Polycythemia Vera in Dogs

Polycythemia vera is a condition where the blood thickens because the bone marrow produces too many red blood cells. This disorder typically affects older dogs.

Symptoms and Types

Symptoms and types of polycythemia vera manifest gradually but persist chronically and include:

  • Weakness
  • Depression
  • Lack of appetite (anorexia)
  • Redness of the skin (erythema)
  • Increased thirst and urination (polydipsia and polyuria)


While the thickening of the blood results from heightened red blood cell production by the bone marrow, the specific reason for this excessive production remains unknown.


To diagnose polycythemia vera in your dog, provide your veterinarian with a detailed history of your dog’s health, including when symptoms started and their nature.
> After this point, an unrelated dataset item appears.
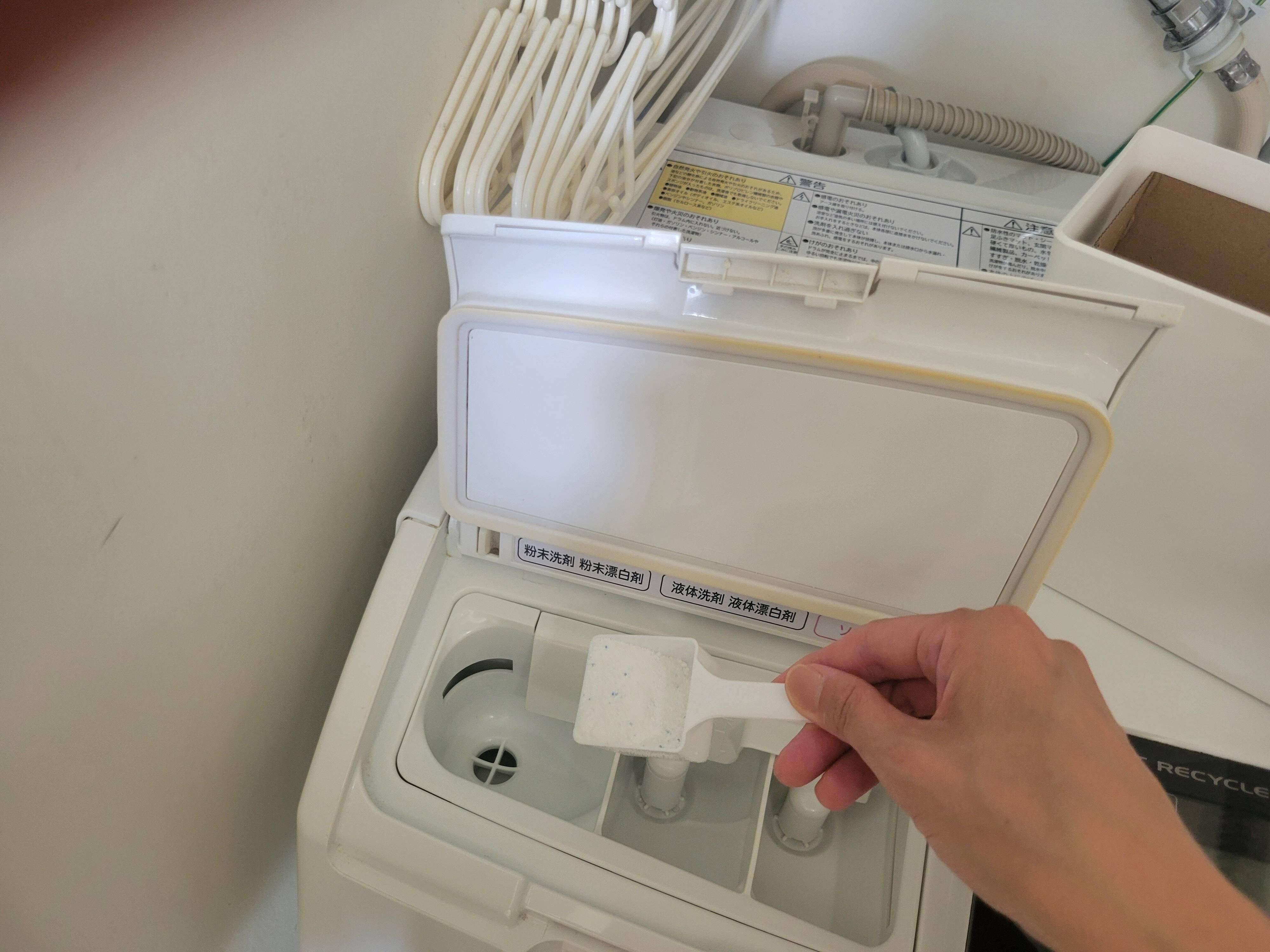 そこはあらかじめ水や残り湯で溶かすことで解決。そのまま洗濯槽に投入します。

Your veterinarian will conduct a thorough physical examination and order a series of tests including a biochemistry profile, urinalysis, and complete blood count (CBC). Blood tests typically reveal an increase in red blood cell mass, with about 50 percent of dogs also showing an elevated number of white blood cells (leukocytosis).

To assess kidney and cardiopulmonary function, X-rays and abdominal ultrasounds will be performed. Echocardiography will evaluate cardiac functions. Additionally, your veterinarian will take a bone marrow sample for further examination by a veterinary pathologist.


Initially, the veterinarian will withdraw a significant amount of blood and replace it with intravenous fluids to reduce the viscosity of the blood. However, this provides only temporary relief. Long-term therapy, for both animals and humans, involves the use of an antineoplastic medication called hydroxyurea, which helps suppress the overproduction of red blood cells in the bone marrow.

Living and Management

Throughout the treatment process, your veterinarian will require regular follow-up examinations for your dog, particularly when administering hydroxyurea, as it may occasionally lead to bone marrow suppression. Additionally, adhere to the dosage recommendations provided by the veterinary oncologist when using chemotherapy medications like hydroxyurea, as these drugs are highly toxic.